Your two algorithms are equivalent (at least for positive integers, what happens with negative integers in the imperative version depends on Java's semantics for % which I don't know by heart). In the recursive version, let $a_i$ and $b_i$ be the argument of the $i$th recursive call: $$\begin{gather*} a_{i+1} = b_i \\ b_{i+1} = a_i \mathbin{\mathrm{mod}} b_i \\ \end{gather*}$$

In the imperative version, let $a'_i$ and $b'_i$ be the values of the variables a and b at the beginning of the $i$th iteration of the loop. $$\begin{gather*} a'_{i+1} = b'_i \\ b'_{i+1} = a'_i \mathbin{\mathrm{mod}} b'_i \\ \end{gather*}$$

Notice a resemblance? Your imperative version and your recursive version are calculating exactly the same values. Furthermore, they both end at the same time, when $a_i=0$ (resp. $a'_i=0$), so they perform the same number of iterations. So algorithmically speaking, there is no difference between the two. Any difference will be a matter of implementation, highly dependent on the compiler, the hardware it runs on, and quite possibly the operating system and what other programs are running concurrently.

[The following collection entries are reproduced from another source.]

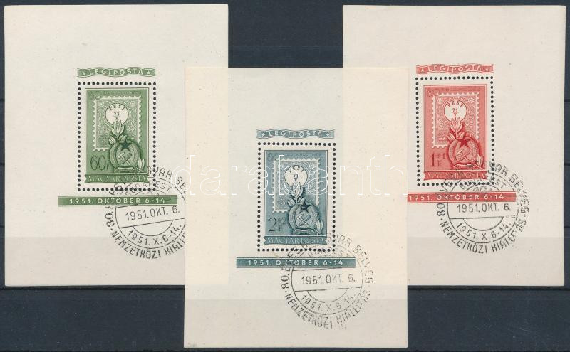Beschreibung: 1951 80 éves a magyar bélyeg blokksor korabeli elsőnapi bélyegzéssel / Mi 20-22 block set
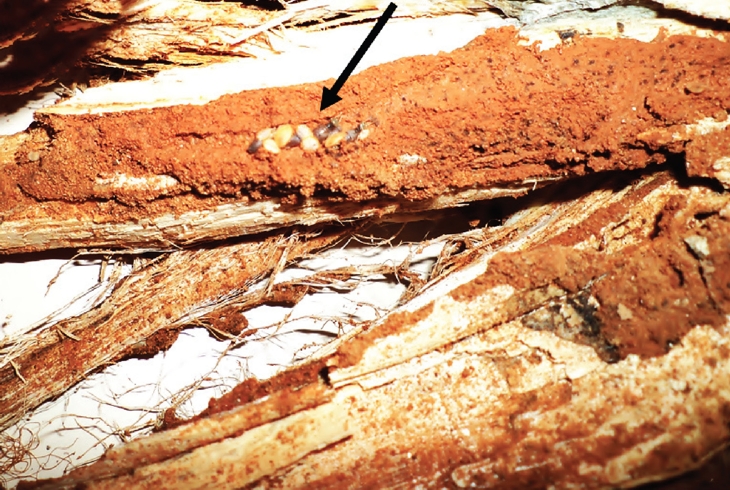 Esta investigación incrementa los huéspedes para las especies de Termitaradus y diversifica el hospedero (Termitidae), que se pensaba estaba relacionado únicamente con Termitaphis. Las especies de Termitaradus, previamente a esta investigación, se pensaba que solo cohabitaban en los nidos de Rhinotermitidae, particularmente con los géneros Coptotermes (Coptotermitinae), Heterotermes (Heterotermitinae) y Rhinotermes (Rhinotermitinae) (Grimaldi & Engel, 2008) (Usinger, 1942). T. poleoae sp. nov. fue colectada en un nido de Amitermes foreli Wasmann (Termitidae: Termitinae). Los ejemplares de T. poleoae se encontraron apiñados con obreras en los pasadizos del nido, en la raíz de la planta.
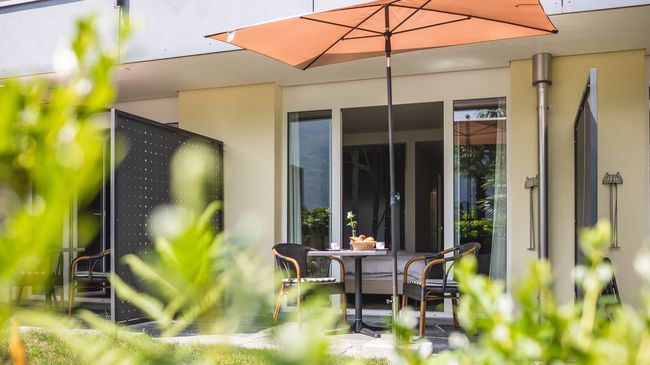 Der südseitige Garten erhebt sich über die umgebenden Häuser, auf den Sie auch von den Terrassen der südseitigen Zimmer einen wunderbaren Ausblick genießen. Alle Terrassen verfügen über Sitzgelegenheiten und eine Sonnenliege.
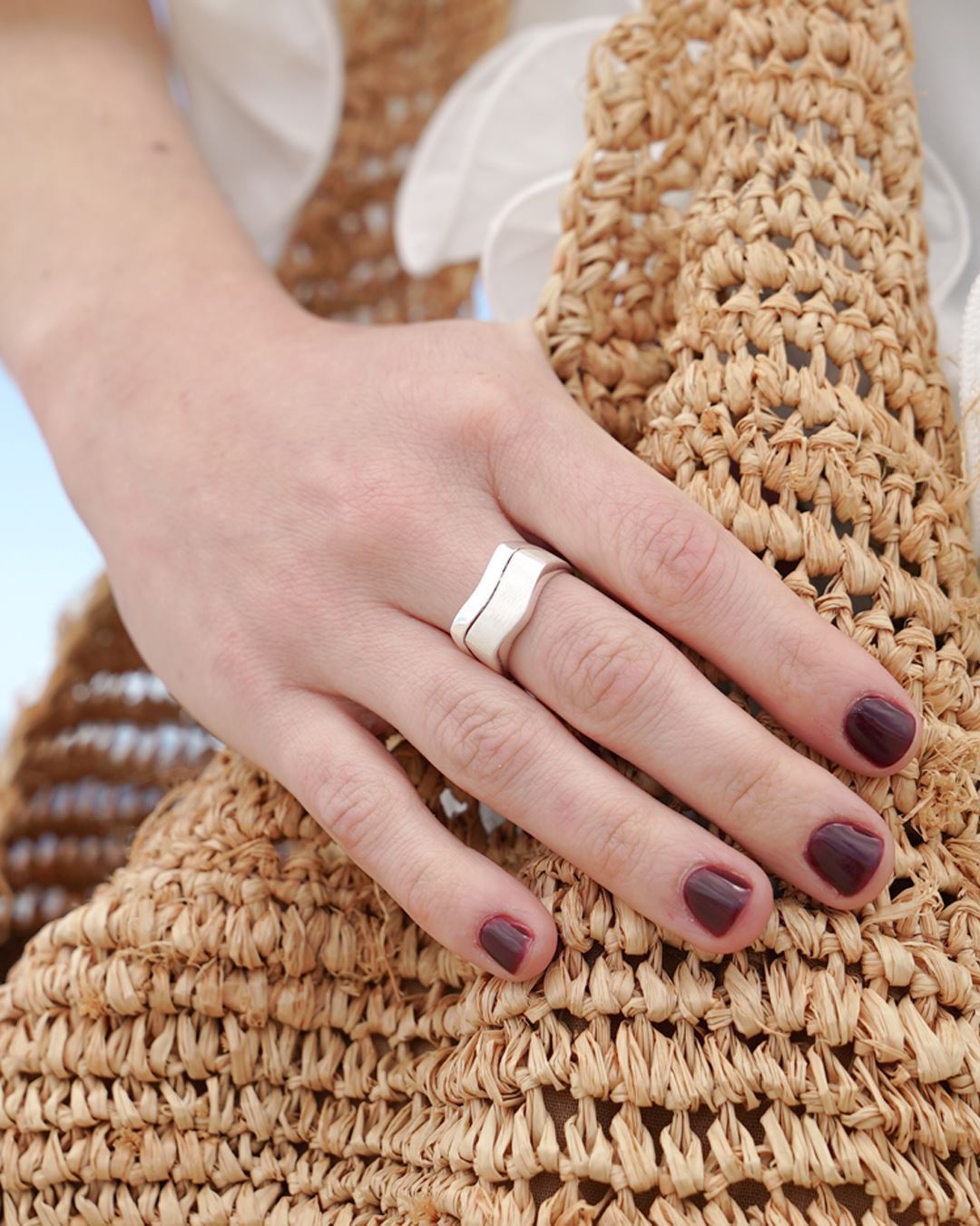 Anillo en plata 925 con forma de v combinado rodinado y arenado.
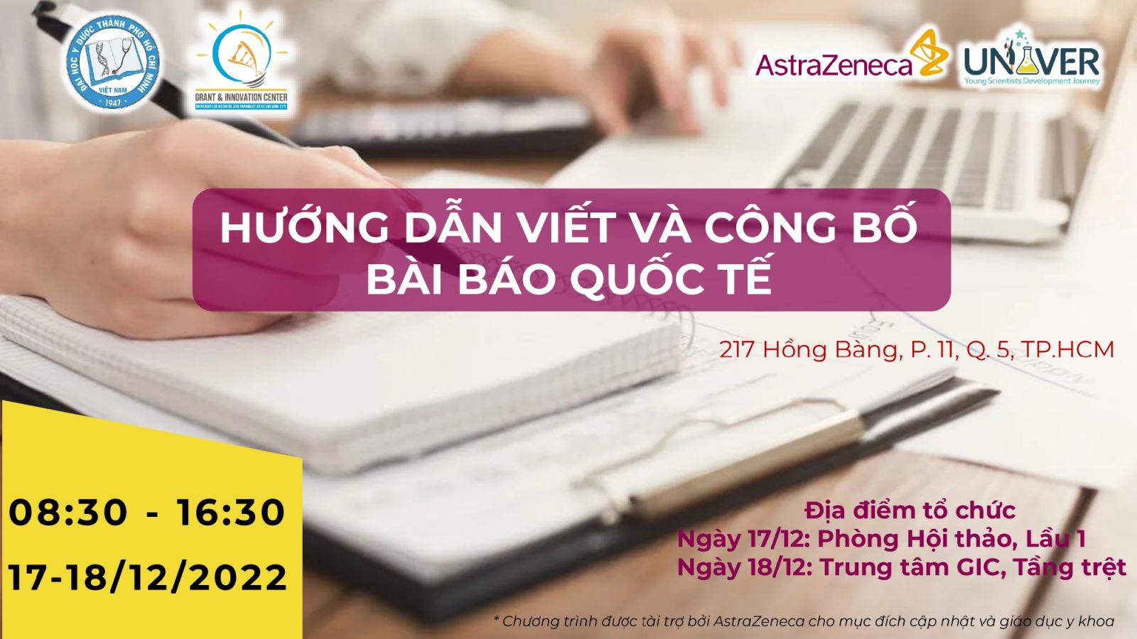 Cuối tuần vừa rồi, ngày 17-18/12/2022, Trung tâm Hỗ trợ dự án và Đổi mới sáng tạo (GIC) kết hợp cùng Trung tâm Đào tạo nhân lực y tế theo nhu cầu xã hội, Phòng vx88b cùng với sự tài trợ của Công ty TNHH AstraZeneca Việt Nam tổ chức khóa học trực tiếp với chủ đề: “HƯỚNG DẪN VIẾT VÀ CÔNG BỐ BÀI BÁO QUỐC TẾ”.
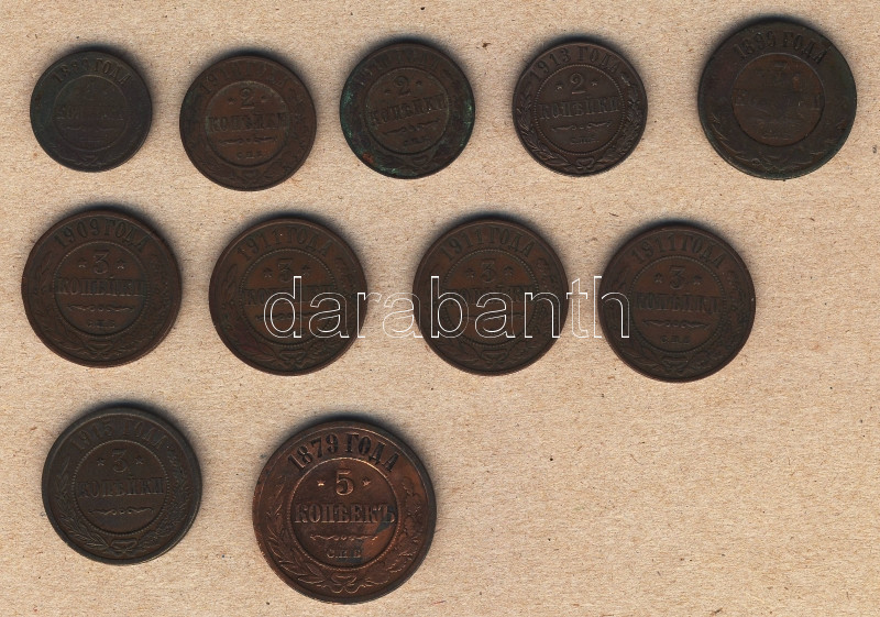 Leírás: Oroszország 1k 1889 + 2k 1910 (2x),1913 + 3k 1899,1909,1911 (3x),1911 (3x),1915 + 5k 1879 T:2/3,3 Összesen 11db!
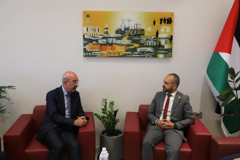 كما قدم عصفور عرضاً عن الجامعة وكلياتها وما تقدمه من تخصصات دراسية تعلمية، مشيراً إلى أن الجامعة تقوم على جمع تاريخ فلسطين في مكتبتها.

The recursive version makes only tail recursive calls. Most compilers for imperative languages do not optimize these, and so it is likely that the code they generate will waste a little time and memory constructing a stack frame at each iteration. With a compiler that optimizes tail calls (compilers for functional languages almost always do), the generated machine code may well be the same for both (assuming you harmonize those calls to abs).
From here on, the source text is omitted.